G&H  What impact will less-invasive options have on screening for BE?

DP  Less-invasive options will broaden screening opportunities. These options will increase access to screening because they are simple and frequently office-based. They can be performed by a gastroenterologist, an internist, or an advanced practice provider such as a nurse practitioner or a physician assistant. These options can also be performed in a separate clinic or at the point of care by a general physician or a specialist.

As previously mentioned, these options are well-­tolerated, with a very good safety profile. No sedation is needed, and cost is reduced because a procedural suite or operating room and endoscopy are not needed. These options are cutting edge in terms of interpretation of the data that they can generate but are excitingly low-tech in their design. This is beneficial, as simpler tools present fewer opportunities for device failure, as seen with more complicated technologies. The devices are stable at room temperature and easy to transport, which helps to get them to where people need them and where resources otherwise may be more limited. These options also allow for risk stratification and identification of the patients who are in the greatest need of endoscopy and those who need expedited evaluation. The options also help avoid performing invasive and expensive procedures in patients who are statistically likely to test negative for BE.
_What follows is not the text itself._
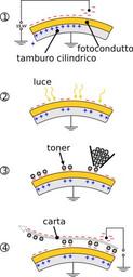 | Keywords: Xerographic photocopy process it.svg it wikipedia 2016 August 14 Schematic drawing of the xeroxgraphic photocopying process Vectorization of the image Original image made by 'Wschneider' on the German Wikipedia Charging The surface of a cylindrical drum is given an electrostatic charge by either a high voltage wire called a corona wire or a charge roller The drum is coated with a photoconductive material A is a semiconductor that becomes conductive when exposed to light Exposure A bright lamp illuminates the original document and the white areas of the original document reflect the light onto the surface of the photoconductive drum The areas of the drum that are exposed to light those areas that correspond to white areas of the original document become conductive and therefore discharge to ground The area of the drum not exposed to light those areas that correspond to black portions of the original document remain negatively charged The result is a latent electrical image on the surface of the drum Developing The toner is positively charged When it is applied to the drum to develop the image it is attracted and sticks to the areas that are negatively charged black areas just as paper sticks to a toy balloon with a static charge Transfer The resulting toner image on the surface of the drum is transferred from the drum onto a piece of paper with a higher negative charge than the drum Desen schematic al procesului fotocopierii xerografice Versiune vectorizată imagine originală realizată de către Wschneider pe Wikipedia în limba germană Încărcare Suprafeţei unui tambur îi este atribuită o sarcină electrostatică fie de către un cablu de înaltă tensiune numit cablu corona fie de către o rolă de încărcare sau de developare Tamburul este învelit într-un material fotoconductiv zona galbenă din imagine adică un semiconductor care devine conductiv atunci când este expus la lumină Expunere O lampă puternică iluminează documentul original iar zonele albe ale acestuia reflectă lumina pe suprafața tamburului fotoconductiv Zonele expuse la lumină ale tamburului devin conductive și prin urmare se descarcă la pământ Zonele neexpuse la lumină ale tamburului acelea corespunzătoare porțiunilor negre ale documentului original rămân încărcate negativ Rezultatul este o imagine electrică latentă pe suprafața tamburului Developare Imaginea din pigment rezultată pe suprafața tamburului este transferată de pe acesta pe o foaie de hârtie cu o sarcină negativă mai mare decât cea a tamburului Transfer Pigmentul este topit și fixat pe hârtie de către role presante încinse traduzione da http //en wikipedia org/wiki/File Xerographic_photocopy_process_en svg 2007 2009 Yzmo Scriban wikipedia it Scriban Original upload log it wikipedia Xerographic+photocopy+process+it svg wikitable - 2009-04-29 08 57 850×1779× 132004 bytes Scriban traduzione da http //en wikipedia org/wiki/File Xerographic_photocopy_process_en svg Photocopiers |

G&H  Where should future research be directed?

DP  More real-world research is needed on utilization, workflow, and patient acceptance. Not surprisingly, early studies suggest that patients prefer a less-invasive option.
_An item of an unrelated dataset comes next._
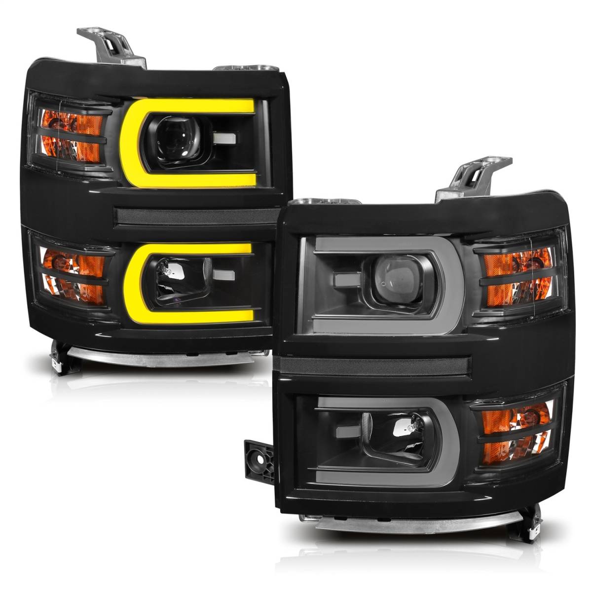Anzo USA 111412 Projector Headlight Set w/Plank Style Switchback - Black w/Amber - Pair

Adoption by physicians and other clinicians is also an important topic of investigation. There is the question of whether clinicians are comfortable with nonvisual, nonendoscopic techniques. Many physicians can be hesitant to change their approaches and have concerns about implementing new technologies. There may be concerns about whether the new options will reduce procedural volume, for example. To counter concerns, the goals of early detection, risk stratification, and prioritization must be stressed. Finally, head-to-head studies of screening options are needed to determine who really needs or does not need endoscopy.
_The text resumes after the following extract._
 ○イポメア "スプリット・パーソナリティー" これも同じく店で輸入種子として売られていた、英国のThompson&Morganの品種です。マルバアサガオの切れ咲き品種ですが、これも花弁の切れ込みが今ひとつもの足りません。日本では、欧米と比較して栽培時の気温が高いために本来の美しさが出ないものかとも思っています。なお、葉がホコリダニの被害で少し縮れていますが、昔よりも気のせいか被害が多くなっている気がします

The future is bright, with well-tolerated, safe, efficient, effective, and inexpensive noninvasive modalities. These options can provide reassurance to low-risk patients and direct those who may be more likely to have BE, dysplasia, or EAC to the endoscopy unit in an expeditious manner for diagnosis, earlier therapy, and potentially superior outcomes. The goals remain the same: to reassure patients without disease and to begin treatment on the patients who need it the most.

Disclosures

Dr Poppers is a consultant for Salix/Bausch Health, Olympus Medical, Lucid Diagnostics, Exact Sciences, Steris, Ambu, and RedHill Biopharma, and he is a member of the advisory board of Tenasors Medical.

Suggested Reading

Fitzgerald RC, di Pietro M, O’Donovan M, et al; BEST3 Trial team. Cytosponge-trefoil factor 3 versus usual care to identify Barrett’s oesophagus in a primary care setting: a multicentre, pragmatic, randomised controlled trial. Lancet. 2020;396(10247):333-344.

Iyer PG, Taylor WR, Johnson ML, et al. Accurate nonendoscopic detection of Barrett’s esophagus by methylated DNA markers: a multisite case control study. Am J Gastroenterol. 2020;115(8):1201-1209.

Moinova HR, LaFramboise T, Lutterbaugh JD, et al. Identifying DNA methylation biomarkers for non-endoscopic detection of Barrett’s esophagus. Sci Transl Med. 2018;10(424):eaao5848.

Moinova HR, Leidner RS, Ravi L, et al. Aberrant vimentin methylation is characteristic of upper gastrointestinal pathologies. Cancer Epidemiol Biomarkers Prev. 2012;21(4):594-600.